Dan Nichols is the biology teacher at Whiting High School teaching regular, honors, and AP courses for the last 26 years. Some of the school sports and clubs that Nichols has been involved in are cross country, volleyball, Academic Team, and the school’s very own Science Olympiad.
Nichols considers himself someone who wants to help others and believes that being an instructor makes the most out of his mindset, personality, and talents.
“I’ve always been interested in working in groups, so being a teacher fit naturally with me,” Nichols said. “As an instructor, I challenge my students but I am fair. I present them with plenty of opportunities to master the material of their courses.”
Nichols attributes his love for biology and science in general to his childhood. Growing up in Boone Grove, he spent a lot of time around his family’s hobby farm and was always exposed to animals and nature. He was active in his high school’s science club and even had an opportunity to see Halley’s Comet. In addition, Nichols had aspirations to be a veterinarian and took part in the Boy Scouts Explorers program’s veterinarian experience.

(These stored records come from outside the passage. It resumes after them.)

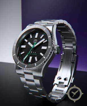 Eine Taucheruhr-Uhr mit einem 32mm Gehäuse im Vintage-Stil gefertigt aus Edelstahl mit einem Zifferblatt in schwarz und einer besonderen "wave"-Oberfläche.
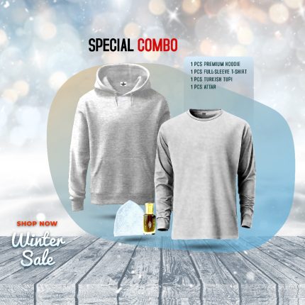 (Code 6394) ১টি প্রিমিয়াম হুডি, ১টি প্রিমিয়াম ফুলহাতা টি’শার্ট, ১টি টুপি, ১টি আতর (কম্বো প্যাক)
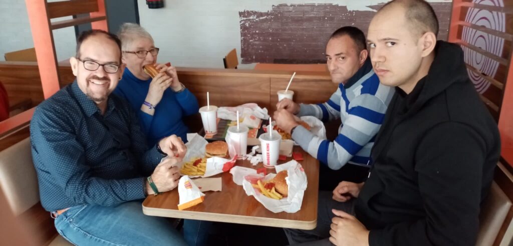 Además, al día siguiente pudimos disfrutar de una buena comilona en el Burger King. Cada uno pudo elegir la hamburguesa que más le gustó, acompañada de unas buenas patatas fritas. ¡Nos pusimos las botas!
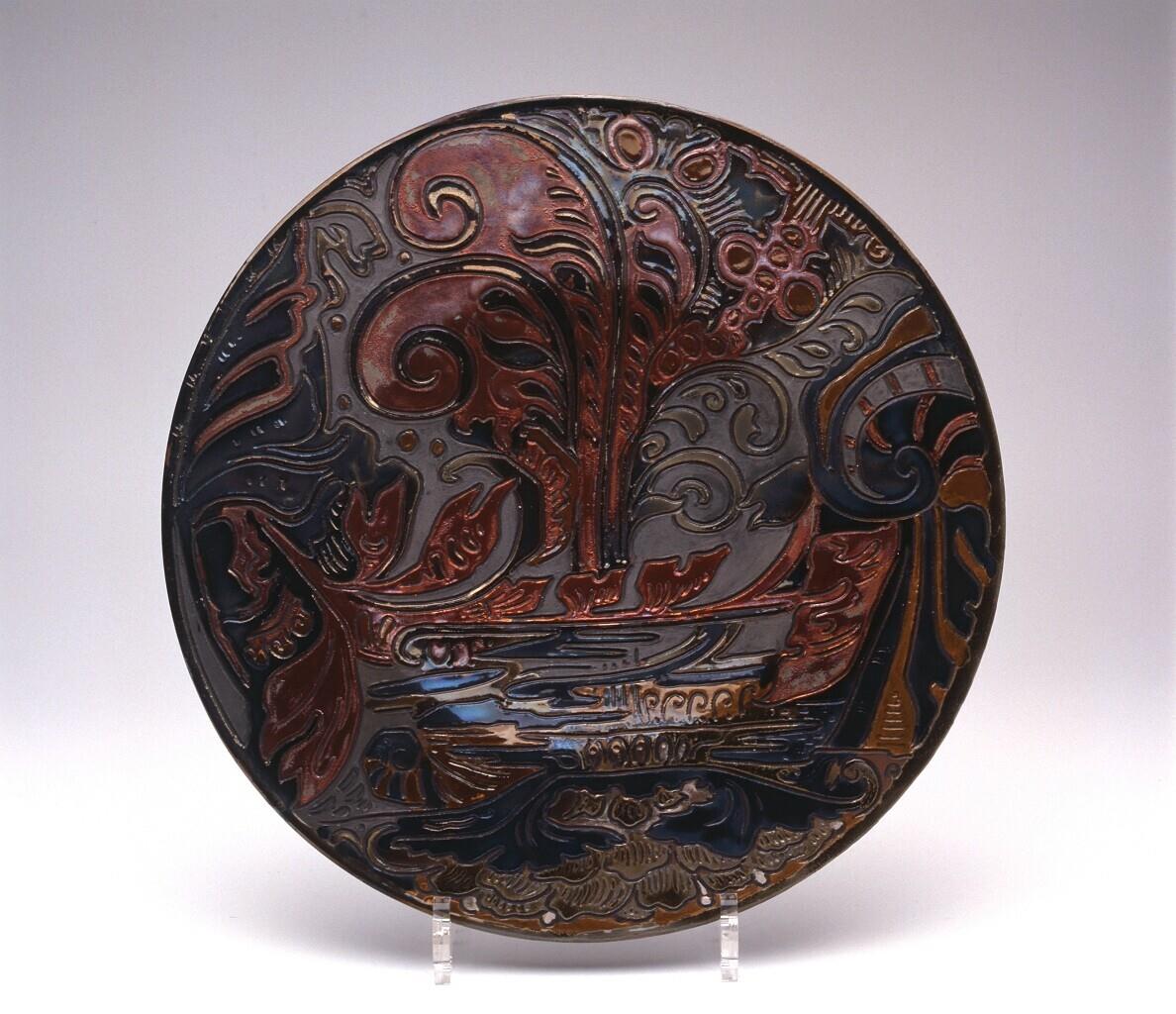 Schotel met brede, schuin oplopende rand. Ingekraste decoratie van een lineair patroon, in rood, groen, blauw en bruin Reflet Métallique. (Nederlands)

In addition, Nichols is also the State Director for Indiana Science Olympiad and is one of the six National Rules Committee Chairs for the National Science Olympiad. His passion for Science Olympiad goes as far back as his high school years, where he participated in various competitions.
“What I enjoy most about Science Olympiad is that it takes students’ science curriculum and expands it with hands-on application and teamwork,” Nichols said. “It gives students opportunities to learn skills like communication and organization that will be valuable for life after high school.”
Nichols noted that it is an absolute pleasure working at Whiting High School. The faculty, staff, and students are all a joy to be around. Nichols describes them as overachievers.
“There’s a strong sense of community and closeness that the people of Whiting have that’s a good fit for me,” Nichols said. “There’s a real strong human element both at the school and in the community as a whole.”
“Recently, the COVID-19 pandemic has taught me that in times of need, we have to pick each other up to move forward,” Nichols said. “I always do my best to encourage my students and they need it now more than ever. Being an instructor is a challenging experience, but rewarding nonetheless.”